→ Problem:
Select the lines of the records containing the word "Black" and list them.

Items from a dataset
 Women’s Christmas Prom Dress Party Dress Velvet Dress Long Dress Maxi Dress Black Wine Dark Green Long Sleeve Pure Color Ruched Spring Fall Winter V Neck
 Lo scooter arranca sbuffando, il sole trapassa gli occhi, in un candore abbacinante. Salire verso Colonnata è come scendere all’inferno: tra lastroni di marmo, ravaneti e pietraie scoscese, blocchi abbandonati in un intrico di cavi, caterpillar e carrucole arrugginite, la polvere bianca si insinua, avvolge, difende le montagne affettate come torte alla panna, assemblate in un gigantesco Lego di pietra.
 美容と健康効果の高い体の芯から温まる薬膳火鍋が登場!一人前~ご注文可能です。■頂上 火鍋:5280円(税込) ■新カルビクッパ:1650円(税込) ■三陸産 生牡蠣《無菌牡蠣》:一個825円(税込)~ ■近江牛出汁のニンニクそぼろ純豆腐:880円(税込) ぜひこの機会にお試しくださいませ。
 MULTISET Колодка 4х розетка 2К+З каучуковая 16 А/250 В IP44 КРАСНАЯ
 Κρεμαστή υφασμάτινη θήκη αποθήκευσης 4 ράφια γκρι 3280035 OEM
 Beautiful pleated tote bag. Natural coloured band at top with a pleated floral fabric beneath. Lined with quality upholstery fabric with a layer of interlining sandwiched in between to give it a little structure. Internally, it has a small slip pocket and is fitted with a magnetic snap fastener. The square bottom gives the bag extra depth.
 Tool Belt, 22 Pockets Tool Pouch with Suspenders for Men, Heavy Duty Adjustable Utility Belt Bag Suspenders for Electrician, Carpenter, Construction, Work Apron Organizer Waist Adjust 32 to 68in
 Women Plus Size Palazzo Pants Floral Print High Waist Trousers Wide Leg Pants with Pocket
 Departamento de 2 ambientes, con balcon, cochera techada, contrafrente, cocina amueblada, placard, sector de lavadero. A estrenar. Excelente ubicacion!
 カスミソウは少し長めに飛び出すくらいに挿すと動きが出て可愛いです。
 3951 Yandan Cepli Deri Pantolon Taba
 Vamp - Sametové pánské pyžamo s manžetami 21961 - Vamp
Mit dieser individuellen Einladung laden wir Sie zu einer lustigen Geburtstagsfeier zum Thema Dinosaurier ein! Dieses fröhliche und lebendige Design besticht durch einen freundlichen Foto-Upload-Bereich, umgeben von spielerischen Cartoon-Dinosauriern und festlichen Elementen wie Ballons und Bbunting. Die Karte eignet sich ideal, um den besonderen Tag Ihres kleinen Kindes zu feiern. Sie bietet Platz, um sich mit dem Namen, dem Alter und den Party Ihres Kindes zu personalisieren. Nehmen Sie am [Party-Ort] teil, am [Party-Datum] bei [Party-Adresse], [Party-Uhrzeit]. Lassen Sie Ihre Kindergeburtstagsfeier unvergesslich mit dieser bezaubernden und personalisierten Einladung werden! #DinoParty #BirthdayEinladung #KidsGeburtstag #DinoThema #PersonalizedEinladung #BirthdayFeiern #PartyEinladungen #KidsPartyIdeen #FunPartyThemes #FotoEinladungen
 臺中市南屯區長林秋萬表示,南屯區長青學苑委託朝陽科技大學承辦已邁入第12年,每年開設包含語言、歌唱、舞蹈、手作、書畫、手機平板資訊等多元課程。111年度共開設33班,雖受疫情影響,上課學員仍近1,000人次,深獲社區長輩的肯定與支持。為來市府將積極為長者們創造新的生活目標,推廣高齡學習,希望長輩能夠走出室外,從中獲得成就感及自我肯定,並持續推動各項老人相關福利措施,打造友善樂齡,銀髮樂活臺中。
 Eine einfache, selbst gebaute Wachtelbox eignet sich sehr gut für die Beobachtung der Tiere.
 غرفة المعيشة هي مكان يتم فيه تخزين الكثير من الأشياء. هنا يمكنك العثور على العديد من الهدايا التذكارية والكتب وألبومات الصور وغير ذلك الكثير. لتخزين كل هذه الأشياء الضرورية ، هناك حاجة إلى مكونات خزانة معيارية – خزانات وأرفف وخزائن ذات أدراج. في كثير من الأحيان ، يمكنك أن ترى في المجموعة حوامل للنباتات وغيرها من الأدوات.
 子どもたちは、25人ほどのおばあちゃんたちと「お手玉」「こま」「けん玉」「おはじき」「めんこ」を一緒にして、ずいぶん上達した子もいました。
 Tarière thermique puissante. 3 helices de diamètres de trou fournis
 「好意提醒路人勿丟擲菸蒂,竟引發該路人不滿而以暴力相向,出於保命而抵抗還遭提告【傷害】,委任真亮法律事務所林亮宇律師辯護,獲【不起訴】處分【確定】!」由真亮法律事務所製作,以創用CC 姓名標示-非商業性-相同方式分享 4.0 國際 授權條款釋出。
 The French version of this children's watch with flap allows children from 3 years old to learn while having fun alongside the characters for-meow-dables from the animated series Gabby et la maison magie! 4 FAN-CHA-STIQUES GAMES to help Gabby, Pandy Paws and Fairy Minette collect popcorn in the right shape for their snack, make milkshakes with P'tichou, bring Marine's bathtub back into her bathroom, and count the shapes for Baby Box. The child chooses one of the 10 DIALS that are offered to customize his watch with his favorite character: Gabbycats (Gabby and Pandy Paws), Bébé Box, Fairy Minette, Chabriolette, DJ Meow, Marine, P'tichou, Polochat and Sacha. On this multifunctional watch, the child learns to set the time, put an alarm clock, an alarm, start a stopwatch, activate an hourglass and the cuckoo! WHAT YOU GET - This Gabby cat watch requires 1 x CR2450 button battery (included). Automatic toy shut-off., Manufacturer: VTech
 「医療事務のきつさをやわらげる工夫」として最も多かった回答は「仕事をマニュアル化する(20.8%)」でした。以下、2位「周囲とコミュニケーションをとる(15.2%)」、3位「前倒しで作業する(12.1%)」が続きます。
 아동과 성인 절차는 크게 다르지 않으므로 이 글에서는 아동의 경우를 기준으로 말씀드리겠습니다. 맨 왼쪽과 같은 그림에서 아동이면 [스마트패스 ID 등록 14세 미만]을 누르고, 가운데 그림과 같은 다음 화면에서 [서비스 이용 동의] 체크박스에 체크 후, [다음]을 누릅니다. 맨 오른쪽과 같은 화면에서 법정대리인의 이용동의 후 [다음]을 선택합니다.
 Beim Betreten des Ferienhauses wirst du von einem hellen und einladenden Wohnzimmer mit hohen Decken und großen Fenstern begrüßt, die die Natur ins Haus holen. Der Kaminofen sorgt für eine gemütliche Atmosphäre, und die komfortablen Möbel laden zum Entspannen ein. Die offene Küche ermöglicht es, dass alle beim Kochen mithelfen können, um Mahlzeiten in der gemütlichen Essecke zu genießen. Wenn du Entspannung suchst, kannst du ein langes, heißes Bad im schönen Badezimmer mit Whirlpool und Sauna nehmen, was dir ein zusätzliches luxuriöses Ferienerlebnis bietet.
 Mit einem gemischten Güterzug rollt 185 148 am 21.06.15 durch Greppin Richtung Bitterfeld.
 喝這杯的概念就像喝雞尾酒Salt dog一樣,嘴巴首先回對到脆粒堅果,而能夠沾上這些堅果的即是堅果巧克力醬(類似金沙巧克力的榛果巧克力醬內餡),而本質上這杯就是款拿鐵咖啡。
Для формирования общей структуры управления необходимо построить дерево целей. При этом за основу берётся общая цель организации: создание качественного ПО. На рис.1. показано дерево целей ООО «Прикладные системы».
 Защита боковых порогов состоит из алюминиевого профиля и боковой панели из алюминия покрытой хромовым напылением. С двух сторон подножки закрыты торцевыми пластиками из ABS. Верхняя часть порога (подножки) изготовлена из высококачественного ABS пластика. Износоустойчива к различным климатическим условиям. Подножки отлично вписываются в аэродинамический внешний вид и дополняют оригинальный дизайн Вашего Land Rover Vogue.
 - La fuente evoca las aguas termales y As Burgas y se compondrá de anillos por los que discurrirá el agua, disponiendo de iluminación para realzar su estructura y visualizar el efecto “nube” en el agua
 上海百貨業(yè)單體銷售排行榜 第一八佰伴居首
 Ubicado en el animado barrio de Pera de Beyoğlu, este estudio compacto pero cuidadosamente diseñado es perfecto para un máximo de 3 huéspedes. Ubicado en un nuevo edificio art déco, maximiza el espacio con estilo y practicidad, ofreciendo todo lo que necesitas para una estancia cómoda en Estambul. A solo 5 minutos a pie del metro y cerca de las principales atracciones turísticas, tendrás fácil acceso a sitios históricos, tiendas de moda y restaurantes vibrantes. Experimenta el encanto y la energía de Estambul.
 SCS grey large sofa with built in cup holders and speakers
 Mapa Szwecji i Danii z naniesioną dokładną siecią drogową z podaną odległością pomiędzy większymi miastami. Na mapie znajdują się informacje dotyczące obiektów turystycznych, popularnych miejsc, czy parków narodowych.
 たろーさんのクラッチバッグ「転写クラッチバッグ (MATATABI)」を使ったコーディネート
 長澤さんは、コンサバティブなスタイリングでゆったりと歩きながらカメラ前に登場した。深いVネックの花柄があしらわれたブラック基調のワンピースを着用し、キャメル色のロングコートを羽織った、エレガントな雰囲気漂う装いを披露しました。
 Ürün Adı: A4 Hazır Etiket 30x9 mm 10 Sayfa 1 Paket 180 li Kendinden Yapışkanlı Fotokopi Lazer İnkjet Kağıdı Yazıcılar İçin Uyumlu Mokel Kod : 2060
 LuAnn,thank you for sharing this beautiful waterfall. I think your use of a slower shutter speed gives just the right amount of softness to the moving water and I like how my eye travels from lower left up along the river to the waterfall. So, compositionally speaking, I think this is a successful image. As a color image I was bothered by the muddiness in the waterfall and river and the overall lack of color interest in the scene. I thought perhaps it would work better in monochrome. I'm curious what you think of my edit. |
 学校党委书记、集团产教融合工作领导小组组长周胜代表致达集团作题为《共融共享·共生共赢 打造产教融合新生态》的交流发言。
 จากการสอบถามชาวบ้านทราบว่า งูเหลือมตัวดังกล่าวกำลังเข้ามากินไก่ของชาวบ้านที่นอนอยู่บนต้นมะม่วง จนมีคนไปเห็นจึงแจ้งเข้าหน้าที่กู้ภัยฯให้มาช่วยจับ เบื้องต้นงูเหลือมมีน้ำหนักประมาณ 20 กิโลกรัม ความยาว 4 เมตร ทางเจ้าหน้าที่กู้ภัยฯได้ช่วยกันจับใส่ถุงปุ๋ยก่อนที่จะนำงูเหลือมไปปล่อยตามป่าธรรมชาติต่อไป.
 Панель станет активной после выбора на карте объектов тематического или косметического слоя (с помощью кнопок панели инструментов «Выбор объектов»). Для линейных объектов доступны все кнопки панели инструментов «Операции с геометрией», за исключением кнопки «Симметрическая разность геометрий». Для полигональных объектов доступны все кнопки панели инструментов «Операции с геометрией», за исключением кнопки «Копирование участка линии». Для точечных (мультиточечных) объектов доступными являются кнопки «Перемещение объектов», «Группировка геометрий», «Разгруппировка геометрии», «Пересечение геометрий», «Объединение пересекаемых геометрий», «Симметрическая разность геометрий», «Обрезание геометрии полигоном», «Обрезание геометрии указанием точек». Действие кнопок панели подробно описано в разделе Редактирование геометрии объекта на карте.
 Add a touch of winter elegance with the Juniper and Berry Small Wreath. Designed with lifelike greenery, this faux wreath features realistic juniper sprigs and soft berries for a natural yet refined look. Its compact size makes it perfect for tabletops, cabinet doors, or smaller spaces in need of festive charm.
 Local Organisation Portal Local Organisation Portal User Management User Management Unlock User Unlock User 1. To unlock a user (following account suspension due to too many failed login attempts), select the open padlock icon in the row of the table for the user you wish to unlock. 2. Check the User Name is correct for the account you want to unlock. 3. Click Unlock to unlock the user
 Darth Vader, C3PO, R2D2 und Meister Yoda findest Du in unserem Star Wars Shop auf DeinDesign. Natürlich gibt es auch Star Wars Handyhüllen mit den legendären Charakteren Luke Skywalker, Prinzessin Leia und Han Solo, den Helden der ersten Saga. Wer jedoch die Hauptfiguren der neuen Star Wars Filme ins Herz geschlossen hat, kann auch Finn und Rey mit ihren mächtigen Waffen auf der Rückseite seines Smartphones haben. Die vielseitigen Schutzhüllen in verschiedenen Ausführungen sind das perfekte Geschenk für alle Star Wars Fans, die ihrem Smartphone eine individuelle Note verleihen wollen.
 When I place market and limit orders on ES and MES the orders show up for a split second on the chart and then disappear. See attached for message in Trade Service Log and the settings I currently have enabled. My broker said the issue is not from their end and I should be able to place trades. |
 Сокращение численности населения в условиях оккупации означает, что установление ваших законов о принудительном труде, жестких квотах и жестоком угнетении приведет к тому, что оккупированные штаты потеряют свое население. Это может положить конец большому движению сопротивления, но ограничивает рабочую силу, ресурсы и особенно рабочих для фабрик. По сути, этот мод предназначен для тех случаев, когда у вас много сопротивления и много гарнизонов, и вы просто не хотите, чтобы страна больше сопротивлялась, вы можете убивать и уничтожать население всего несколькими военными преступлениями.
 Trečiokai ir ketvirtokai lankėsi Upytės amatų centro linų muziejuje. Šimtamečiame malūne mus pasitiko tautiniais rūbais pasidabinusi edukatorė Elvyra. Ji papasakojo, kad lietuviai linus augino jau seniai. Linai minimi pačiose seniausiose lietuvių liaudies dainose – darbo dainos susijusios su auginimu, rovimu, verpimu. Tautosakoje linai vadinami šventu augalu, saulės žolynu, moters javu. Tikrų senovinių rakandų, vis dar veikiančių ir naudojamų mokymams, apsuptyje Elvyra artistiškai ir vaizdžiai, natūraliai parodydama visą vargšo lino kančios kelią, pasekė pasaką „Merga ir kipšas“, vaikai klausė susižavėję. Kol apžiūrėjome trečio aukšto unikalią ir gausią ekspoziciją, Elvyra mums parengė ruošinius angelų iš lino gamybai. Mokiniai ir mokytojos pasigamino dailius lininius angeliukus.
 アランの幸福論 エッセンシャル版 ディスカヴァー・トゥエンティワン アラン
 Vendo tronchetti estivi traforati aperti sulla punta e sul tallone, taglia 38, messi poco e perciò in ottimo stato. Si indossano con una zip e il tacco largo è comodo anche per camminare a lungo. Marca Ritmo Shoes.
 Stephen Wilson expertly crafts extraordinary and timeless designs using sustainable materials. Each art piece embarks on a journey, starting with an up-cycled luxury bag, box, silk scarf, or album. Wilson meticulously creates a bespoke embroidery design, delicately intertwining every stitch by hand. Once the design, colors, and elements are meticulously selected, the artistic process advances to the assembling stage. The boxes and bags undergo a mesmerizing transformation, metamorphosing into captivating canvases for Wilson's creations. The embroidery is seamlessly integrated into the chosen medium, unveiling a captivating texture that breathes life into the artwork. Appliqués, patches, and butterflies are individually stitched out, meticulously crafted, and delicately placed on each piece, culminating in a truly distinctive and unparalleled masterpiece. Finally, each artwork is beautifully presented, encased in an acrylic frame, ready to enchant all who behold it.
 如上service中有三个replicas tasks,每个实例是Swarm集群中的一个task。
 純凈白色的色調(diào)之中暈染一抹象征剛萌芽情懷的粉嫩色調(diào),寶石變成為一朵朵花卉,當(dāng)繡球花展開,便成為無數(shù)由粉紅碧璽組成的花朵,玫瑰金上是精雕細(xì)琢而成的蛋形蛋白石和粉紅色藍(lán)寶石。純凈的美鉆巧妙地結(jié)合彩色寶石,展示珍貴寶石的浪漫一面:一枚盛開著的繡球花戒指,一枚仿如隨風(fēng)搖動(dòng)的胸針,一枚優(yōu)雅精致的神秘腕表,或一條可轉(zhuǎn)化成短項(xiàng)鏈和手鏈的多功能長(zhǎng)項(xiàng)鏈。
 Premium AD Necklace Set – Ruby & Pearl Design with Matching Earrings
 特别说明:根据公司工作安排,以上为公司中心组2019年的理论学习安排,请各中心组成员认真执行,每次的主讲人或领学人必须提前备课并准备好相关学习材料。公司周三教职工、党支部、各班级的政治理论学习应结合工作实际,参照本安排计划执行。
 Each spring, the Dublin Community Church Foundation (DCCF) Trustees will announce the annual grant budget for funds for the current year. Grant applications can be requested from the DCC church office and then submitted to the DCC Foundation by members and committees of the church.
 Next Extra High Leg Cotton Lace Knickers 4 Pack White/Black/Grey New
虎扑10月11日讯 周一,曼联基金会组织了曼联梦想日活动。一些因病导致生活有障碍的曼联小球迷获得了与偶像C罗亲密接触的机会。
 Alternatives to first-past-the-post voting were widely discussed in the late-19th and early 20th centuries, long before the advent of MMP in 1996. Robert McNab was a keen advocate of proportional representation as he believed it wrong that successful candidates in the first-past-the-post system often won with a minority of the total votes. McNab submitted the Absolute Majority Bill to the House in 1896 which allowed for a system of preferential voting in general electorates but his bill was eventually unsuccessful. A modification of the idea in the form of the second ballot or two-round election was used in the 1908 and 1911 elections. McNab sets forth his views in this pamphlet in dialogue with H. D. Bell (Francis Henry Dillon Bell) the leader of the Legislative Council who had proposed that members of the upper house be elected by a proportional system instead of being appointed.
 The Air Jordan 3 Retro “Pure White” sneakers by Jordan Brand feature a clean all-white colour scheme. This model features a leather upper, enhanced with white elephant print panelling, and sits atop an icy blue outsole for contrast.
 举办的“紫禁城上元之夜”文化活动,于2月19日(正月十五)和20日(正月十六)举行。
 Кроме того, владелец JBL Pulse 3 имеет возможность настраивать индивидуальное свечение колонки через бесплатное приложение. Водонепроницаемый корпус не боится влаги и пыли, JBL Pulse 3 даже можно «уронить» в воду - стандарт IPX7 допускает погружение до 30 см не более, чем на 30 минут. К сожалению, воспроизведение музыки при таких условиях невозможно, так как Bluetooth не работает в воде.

→ Exercise result:
 Women’s Christmas Prom Dress Party Dress Velvet Dress Long Dress Maxi Dress Black Wine Dark Green Long Sleeve Pure Color Ruched Spring Fall Winter V Neck
 Next Extra High Leg Cotton Lace Knickers 4 Pack White/Black/Grey New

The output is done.